Legacy receivers (4-digit models) each have to have a $69 DishPro adapter 
Existing RG59 will have to be replaced with RG6


----------



## tnsprin (Mar 16, 2003)

Red Dwarf said:


> I found the low down on this topic @
> 
> http://ekb.dbstalk.com/217
> 
> ...


Again DISHPROPLUS is even newer technology. One cable and a splitter will support most dual tuner's(certainly all HD receivers) requirement for two inputs. And the support for legacy receivers (not all models) is built in. Currently DPP twin or DPP44.


----------



## mattcombs (Feb 17, 2006)

I am running my own cable in advance of my 622 install. Is a Dish 1000 a dish pro plus dish (meaning I can run 1 cable which is already there) or will I need 2 cables for the Dish 1000? Since it's a hybrid DP/DPP mix, I was wondering how it goes.


----------



## Rob Glasser (Feb 22, 2005)

mattcombs said:


> I am running my own cable in advance of my 622 install.

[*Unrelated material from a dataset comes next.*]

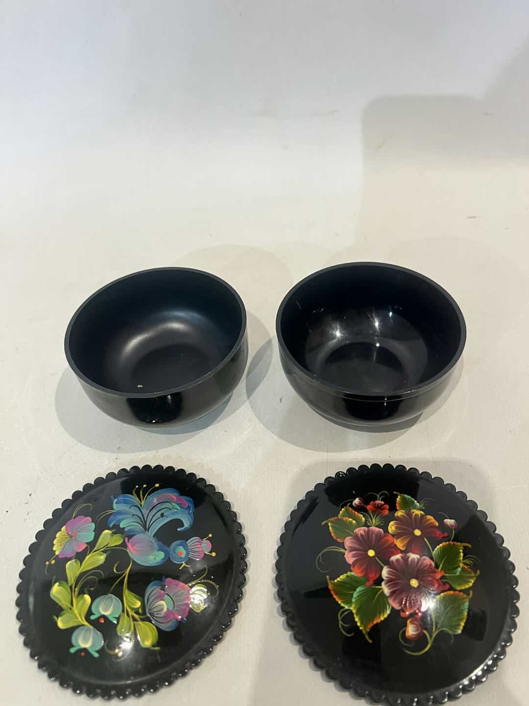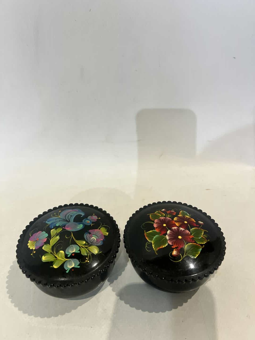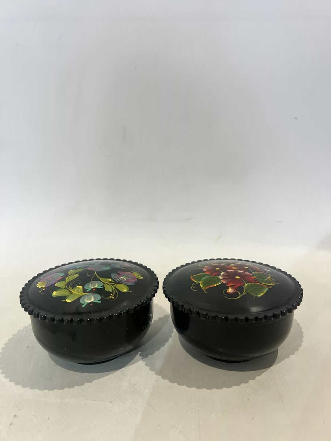 Vintage σετ 2 Ρώσικα λακαρισμένα κουτιά αποθήκευσης με ζωγραφιά λουλουδιών 4×9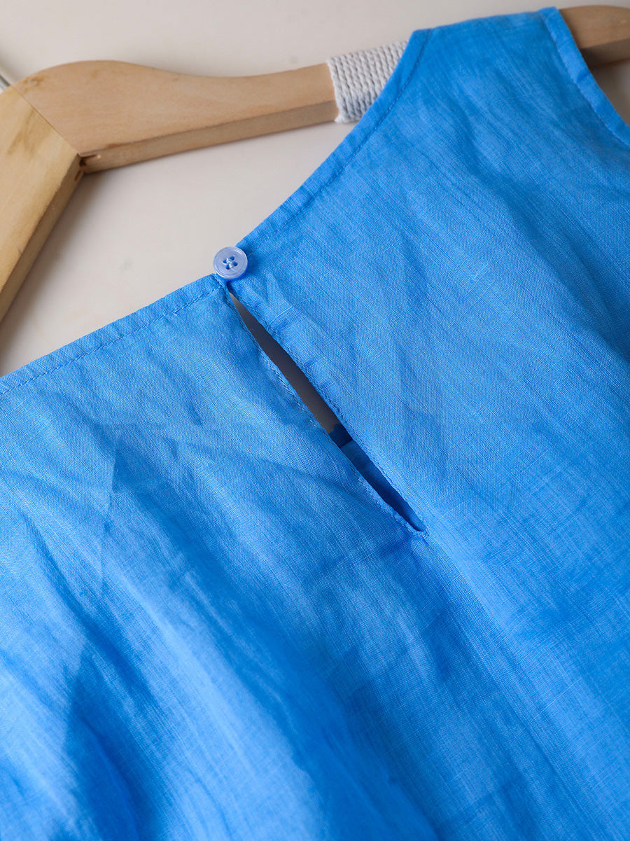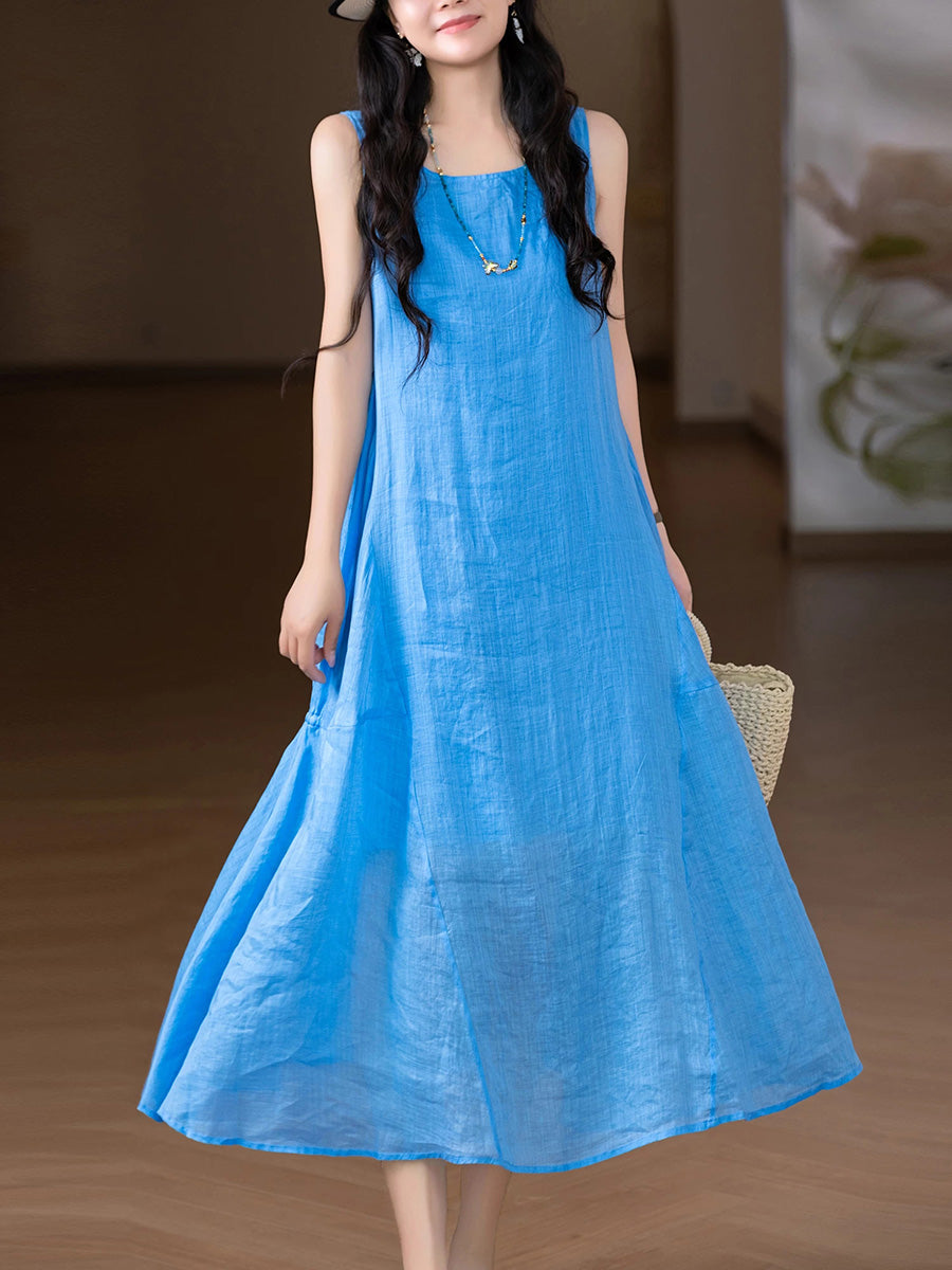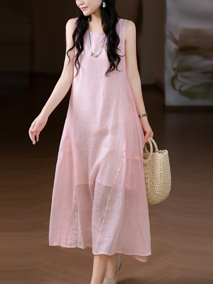 Vestido colete feminino de verão, estilo artístico, cor lisa, 100% rami.

Is a Dish 1000 a dish pro plus dish (meaning I can run 1 cable which is already there) or will I need 2 cables for the Dish 1000? Since it's a hybrid DP/DPP mix, I was wondering how it goes.


The Dish1000 has a DPP LNB on it so you only need one cable from it to your receiver. This works for up to 2 receivers, after that you need to introduce a DPP44 switch into your environment, which can be mounted outside as well (power provided by an inducer you put inside on one of the cables to your receiver).


----------